I usually only follow accounts that have between 100 – 10,000 followers for my own profile based on the amount of followers I have, but if someone with more than 10,000 followers follows me, I will follow them back if they appear to be using Twitter properly. I also make sure that those people have tweeted within the past week or less. Once we’ve followed a whole bunch of people and we still have a healthy followers/following ratio, we can then FLUSH out or unfollow all those who didn’t follow back (I use ManageFlitter to do that as Tweepi no longer allows us to use that feature). I’d give it at least a week to 10 days to allow people to follow back though before unfollowing them.
In my humble opinion (as well as the opinion of many social media experts) if you’re not a household name yet, you’ll get a lot more followers on Twitter if you follow more people back. If I look at an account that is following way less people than are following it, I wouldn’t follow it because I’d assume that the person behind it wouldn’t follow back. If the person is famous and I really want to follow them, then I do. That being said, one of the things I also do for those I’m working with is put the people they follow back into a List according to a keyword so that they can later filter their Twitter feed to see only the tweets of those people…i.e. only music bloggers…they might want to connect with or people in certain cities, etc.

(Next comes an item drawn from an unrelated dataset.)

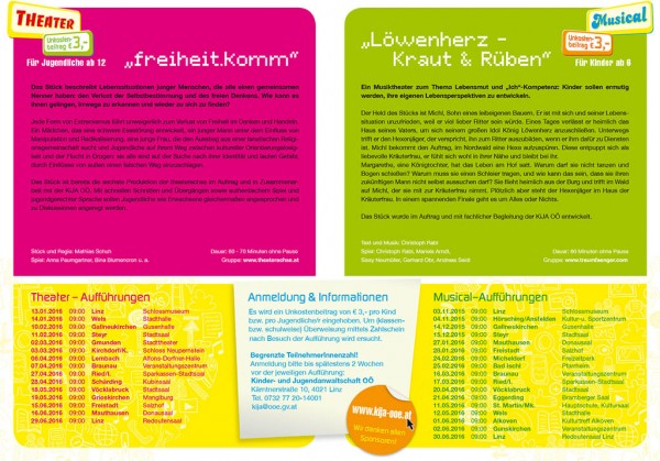 Seit Jänner 2016 wird auch in allen Bezirken Oberösterreichs das Theaterstück „freiheit.komm“ für Jugendliche ab 12 Jahren aufgeführt (Theatergruppe Theaterachse).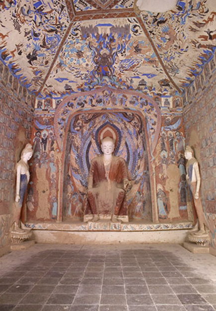 莫高窟第249窟开凿于西魏。覆斗顶殿堂窟,西壁开一龛,东壁毁,南、北壁绘千佛,中间绘说法图一铺。窟顶绘中国传统文化题材和佛教题材。

All of these things will help you to manage Twitter. It’s a super powerful marketing tool and you should definitely have more followers to share your career with! However, be aware, that if you never take the time to actually talk to your followers directly, you will yield little benefit from having the account. Twitter is a news sharing tool, but it’s also a social media platform and we have to be social and talk to people on it in order to establish relationships that can be rewarding to us. The more we talk to people on Twitter, the more they will get to know us and remember us and they will more be likely to retweet for us or to take other action that we may ask of them. Also, a retweet is often more powerful if you write your own quote about it before retweeting it to let your followers know why that tweet mattered to you.